Tue 1 Nov 2005
We did a level switch today, so all the Resident Teacher’s from Lower Elementary went to the Upper Elementary today. I ended up in a first/second grade class. Unfortunately I was experiencing the opposite of yesterday: Too much sleep. You know when you’ve slept so much you have a headache? Granted, I needed to go to bed at 8:30pm last night, I hadn’t slept a wink the night before. We had a total of three trick or treaters. The last one was a teenager with no costume, just a backpack and a starter jacket. Kris asked him, “Hey, where’s your costume?” The kid shrugged and said, “I don’t have one.” We gave him candy for his honesty. Josh insisted we watch horror movies all night. That’s fine when it’s something goofy like Nightmare On Elm Street. It’s not cool when it’s Resurrection of Halloween, or whatever one has Michael roaming around in his white mask. When I left Josh he was deeply involved with Scream 2.
So anyway, I showed up to school in a daze. It rained passionately all day and all night, the winter slowly invaded the day with premature darkness at night and eerie light in the morning. I observed a few things about the first and second grade:
1) The Math is a little harder and the expectation is much higher. Gone are the days when you could just write down the numbers and call it good. These kids are required to map out the entire equation using base ten rods, single units, and hundreds cubes. They have to draw these components on the paper along with the numbers. Granted, many of them are still remembering to put the day’s date and their name on the paper. I was impressed…and relieved that much of the math was not over my head.

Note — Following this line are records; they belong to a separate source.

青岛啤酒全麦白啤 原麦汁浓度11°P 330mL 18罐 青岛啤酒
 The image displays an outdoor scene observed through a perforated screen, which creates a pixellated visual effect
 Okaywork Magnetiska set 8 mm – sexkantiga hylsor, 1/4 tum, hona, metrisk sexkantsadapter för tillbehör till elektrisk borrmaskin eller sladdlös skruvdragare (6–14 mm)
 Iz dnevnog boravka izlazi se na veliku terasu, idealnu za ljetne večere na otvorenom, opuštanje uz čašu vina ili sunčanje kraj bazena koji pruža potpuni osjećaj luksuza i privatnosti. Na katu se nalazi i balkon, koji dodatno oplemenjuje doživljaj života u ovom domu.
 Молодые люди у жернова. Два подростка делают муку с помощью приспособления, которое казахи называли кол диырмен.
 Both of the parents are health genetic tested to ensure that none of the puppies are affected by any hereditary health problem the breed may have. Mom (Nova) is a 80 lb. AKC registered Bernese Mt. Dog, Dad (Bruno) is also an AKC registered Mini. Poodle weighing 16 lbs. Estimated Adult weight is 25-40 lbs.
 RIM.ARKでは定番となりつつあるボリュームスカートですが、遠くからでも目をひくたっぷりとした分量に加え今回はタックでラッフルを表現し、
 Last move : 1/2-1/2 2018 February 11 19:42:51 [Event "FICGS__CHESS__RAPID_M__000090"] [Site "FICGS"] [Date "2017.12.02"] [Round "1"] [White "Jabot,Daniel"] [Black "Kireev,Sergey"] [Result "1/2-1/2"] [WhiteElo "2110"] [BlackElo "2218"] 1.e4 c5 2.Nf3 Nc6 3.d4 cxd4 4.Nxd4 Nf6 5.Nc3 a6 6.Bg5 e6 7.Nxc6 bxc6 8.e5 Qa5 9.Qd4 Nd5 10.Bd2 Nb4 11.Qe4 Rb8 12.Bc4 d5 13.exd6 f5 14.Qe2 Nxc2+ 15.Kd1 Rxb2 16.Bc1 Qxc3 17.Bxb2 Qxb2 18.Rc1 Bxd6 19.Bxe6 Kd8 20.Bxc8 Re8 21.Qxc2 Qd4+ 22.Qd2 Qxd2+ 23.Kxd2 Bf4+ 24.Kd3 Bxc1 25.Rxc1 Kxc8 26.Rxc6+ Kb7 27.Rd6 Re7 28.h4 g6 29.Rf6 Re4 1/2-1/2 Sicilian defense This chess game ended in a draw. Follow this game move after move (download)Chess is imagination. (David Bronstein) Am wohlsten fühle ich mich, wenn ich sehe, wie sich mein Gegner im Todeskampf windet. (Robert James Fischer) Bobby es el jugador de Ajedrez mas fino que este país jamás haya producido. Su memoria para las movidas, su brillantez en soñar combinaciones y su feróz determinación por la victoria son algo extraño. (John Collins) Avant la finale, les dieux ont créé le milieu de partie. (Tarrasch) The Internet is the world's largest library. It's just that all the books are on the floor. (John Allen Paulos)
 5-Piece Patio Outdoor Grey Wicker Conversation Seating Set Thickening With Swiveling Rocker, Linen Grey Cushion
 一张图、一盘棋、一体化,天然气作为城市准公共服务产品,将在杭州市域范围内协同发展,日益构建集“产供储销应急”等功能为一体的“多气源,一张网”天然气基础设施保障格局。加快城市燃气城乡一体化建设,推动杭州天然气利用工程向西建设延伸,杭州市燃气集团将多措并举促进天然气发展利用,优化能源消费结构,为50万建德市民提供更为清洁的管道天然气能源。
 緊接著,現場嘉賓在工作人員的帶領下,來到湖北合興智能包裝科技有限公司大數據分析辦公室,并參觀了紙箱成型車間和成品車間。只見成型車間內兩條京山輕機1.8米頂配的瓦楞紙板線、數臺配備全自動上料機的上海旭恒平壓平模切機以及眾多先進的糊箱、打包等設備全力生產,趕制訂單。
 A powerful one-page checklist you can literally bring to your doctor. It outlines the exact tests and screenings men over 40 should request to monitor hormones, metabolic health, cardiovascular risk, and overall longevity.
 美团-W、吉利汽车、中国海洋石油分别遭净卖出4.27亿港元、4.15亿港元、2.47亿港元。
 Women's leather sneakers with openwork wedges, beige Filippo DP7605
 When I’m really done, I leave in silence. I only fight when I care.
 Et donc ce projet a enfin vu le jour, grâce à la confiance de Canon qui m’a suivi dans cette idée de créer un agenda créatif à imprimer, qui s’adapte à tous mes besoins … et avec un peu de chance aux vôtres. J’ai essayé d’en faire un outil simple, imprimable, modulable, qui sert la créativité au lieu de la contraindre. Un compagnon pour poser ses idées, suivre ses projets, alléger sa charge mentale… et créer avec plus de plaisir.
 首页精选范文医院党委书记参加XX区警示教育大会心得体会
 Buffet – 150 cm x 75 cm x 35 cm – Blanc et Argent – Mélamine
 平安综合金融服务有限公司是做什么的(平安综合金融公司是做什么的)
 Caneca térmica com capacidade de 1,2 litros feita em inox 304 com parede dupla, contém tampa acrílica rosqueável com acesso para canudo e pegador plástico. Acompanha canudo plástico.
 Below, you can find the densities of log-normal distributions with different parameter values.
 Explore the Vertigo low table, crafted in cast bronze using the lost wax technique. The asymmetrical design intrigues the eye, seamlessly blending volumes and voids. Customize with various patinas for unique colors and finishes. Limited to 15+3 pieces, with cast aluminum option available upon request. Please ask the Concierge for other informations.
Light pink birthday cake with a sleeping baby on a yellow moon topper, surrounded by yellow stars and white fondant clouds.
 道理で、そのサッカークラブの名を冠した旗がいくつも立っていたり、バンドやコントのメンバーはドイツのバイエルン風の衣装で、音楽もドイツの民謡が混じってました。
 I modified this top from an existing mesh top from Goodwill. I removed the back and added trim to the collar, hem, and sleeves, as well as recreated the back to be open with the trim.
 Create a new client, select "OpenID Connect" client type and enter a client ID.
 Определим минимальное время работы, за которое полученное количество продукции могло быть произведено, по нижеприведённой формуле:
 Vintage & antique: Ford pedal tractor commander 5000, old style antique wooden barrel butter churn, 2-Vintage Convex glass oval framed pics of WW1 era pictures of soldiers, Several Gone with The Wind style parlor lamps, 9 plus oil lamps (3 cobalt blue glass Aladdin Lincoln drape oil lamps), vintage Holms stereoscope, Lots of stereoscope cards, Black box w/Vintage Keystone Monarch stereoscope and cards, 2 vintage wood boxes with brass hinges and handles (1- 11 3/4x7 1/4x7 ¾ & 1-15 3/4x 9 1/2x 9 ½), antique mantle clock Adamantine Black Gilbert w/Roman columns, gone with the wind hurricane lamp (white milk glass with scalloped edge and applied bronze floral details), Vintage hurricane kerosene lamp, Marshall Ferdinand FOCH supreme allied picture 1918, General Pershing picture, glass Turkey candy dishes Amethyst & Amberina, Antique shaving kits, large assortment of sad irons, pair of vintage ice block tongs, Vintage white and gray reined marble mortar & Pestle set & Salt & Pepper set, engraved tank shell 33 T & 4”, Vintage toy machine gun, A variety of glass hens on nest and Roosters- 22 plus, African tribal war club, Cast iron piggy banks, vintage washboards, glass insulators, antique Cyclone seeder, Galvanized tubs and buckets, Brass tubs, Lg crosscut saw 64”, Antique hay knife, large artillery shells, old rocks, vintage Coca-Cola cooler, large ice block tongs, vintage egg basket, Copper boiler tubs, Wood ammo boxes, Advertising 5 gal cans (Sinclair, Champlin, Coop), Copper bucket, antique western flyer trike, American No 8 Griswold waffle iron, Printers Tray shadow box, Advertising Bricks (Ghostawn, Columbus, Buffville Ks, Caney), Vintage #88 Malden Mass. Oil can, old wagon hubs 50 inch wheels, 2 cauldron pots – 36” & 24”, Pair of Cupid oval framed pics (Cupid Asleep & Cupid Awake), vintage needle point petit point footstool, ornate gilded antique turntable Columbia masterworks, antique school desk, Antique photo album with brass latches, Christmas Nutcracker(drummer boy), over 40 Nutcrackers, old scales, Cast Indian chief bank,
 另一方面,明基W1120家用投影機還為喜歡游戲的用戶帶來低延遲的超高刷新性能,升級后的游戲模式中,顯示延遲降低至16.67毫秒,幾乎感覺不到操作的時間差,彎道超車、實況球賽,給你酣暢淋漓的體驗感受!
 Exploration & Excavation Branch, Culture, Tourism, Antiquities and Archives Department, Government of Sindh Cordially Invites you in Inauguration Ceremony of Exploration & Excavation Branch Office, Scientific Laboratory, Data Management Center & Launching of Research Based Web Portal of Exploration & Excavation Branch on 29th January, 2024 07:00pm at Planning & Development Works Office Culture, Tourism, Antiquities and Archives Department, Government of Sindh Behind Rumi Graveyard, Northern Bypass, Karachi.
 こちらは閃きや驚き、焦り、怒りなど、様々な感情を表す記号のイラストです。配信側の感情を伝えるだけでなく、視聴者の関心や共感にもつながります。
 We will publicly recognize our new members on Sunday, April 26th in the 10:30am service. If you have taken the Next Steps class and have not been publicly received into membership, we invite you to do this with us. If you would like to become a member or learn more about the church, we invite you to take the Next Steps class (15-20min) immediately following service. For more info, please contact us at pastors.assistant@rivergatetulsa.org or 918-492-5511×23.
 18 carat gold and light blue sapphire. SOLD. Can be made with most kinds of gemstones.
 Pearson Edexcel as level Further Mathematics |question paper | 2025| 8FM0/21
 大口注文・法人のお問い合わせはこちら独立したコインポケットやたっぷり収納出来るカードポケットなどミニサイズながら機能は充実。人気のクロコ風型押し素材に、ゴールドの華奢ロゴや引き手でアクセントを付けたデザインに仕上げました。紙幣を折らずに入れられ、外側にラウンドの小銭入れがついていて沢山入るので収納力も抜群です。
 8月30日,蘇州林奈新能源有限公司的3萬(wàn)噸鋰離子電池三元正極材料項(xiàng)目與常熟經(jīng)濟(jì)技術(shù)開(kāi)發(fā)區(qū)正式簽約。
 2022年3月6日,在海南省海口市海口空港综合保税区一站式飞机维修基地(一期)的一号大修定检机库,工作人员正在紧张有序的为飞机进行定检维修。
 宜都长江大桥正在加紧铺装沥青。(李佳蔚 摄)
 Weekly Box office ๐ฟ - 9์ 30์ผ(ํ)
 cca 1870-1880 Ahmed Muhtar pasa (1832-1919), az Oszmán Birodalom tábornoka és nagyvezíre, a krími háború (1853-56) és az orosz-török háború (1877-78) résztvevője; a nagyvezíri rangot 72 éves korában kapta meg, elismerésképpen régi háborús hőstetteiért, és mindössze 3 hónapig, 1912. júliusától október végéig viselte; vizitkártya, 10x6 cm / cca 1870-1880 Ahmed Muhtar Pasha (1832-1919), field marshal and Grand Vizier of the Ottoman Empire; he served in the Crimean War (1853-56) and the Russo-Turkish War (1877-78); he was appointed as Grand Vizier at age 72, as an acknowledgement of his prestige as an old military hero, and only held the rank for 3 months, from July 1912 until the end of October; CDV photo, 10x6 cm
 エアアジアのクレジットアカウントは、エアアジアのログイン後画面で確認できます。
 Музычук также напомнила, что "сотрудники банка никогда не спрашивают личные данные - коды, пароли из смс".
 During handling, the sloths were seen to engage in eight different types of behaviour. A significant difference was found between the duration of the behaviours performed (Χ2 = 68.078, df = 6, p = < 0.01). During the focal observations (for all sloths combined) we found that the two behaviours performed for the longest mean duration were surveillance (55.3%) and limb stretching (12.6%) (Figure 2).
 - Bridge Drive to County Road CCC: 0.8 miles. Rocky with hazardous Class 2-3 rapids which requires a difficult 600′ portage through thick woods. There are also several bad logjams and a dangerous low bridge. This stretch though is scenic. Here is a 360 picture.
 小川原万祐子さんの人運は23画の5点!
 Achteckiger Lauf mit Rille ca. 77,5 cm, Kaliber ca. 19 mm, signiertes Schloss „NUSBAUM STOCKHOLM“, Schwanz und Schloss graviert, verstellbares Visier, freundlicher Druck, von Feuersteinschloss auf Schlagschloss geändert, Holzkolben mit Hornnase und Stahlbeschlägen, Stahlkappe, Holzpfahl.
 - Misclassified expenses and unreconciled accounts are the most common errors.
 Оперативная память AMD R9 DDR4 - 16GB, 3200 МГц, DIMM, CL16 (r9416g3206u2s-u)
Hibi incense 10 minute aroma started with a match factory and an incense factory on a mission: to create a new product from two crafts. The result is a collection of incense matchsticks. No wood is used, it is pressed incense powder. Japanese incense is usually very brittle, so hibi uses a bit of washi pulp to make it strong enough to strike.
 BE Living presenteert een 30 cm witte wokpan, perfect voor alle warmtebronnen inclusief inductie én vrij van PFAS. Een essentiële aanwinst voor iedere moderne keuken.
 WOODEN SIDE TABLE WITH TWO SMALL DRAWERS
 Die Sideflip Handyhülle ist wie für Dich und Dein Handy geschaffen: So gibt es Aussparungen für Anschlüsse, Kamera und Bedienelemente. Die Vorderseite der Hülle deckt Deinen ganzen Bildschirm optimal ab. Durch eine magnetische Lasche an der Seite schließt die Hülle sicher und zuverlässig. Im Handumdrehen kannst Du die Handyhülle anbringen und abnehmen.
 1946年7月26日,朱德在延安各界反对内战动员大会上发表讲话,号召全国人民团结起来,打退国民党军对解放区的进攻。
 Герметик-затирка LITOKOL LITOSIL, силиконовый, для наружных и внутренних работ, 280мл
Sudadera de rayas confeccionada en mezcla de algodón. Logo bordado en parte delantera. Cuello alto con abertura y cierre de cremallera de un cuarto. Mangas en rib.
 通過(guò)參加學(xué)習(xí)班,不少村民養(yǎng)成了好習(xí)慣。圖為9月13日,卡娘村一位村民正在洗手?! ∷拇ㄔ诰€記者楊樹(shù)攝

2) The weird kids get even weirder…one girl is dead set on the Goth Path. It’s like she was made for black make-up and fishnet gloves. Never have I met a gloomier seven-year-old. Another girl, who reeked of cat urine, told me I would make a good vampire for Halloween.
3) Teacher worship is fading with first graders. They’re quicker to judge, defy, and ignore you. I’m used to the four-year-olds flinging themselves at me for hugs and reassurance that they’re fabulous.
4) I came out of class significantly less sticky.
5) Gone are the toys…no lincoln logs, legos, constructobots, and other fun stuff. First grade contained only the bare essentials, like books, plants, and a fish tank.
November 2nd, 2005 at 3:24 pm
Please, I beg of you. Instill in the little ones a deep respect for things like capitialization of proper nouns and appropriate uses of the apostrophe.
I am beginning to think that the Oregon public school system must be horrid, these kids can barely string sentences together.
November 2nd, 2005 at 6:15 pm
And teach them how to spot an ounce of good weed.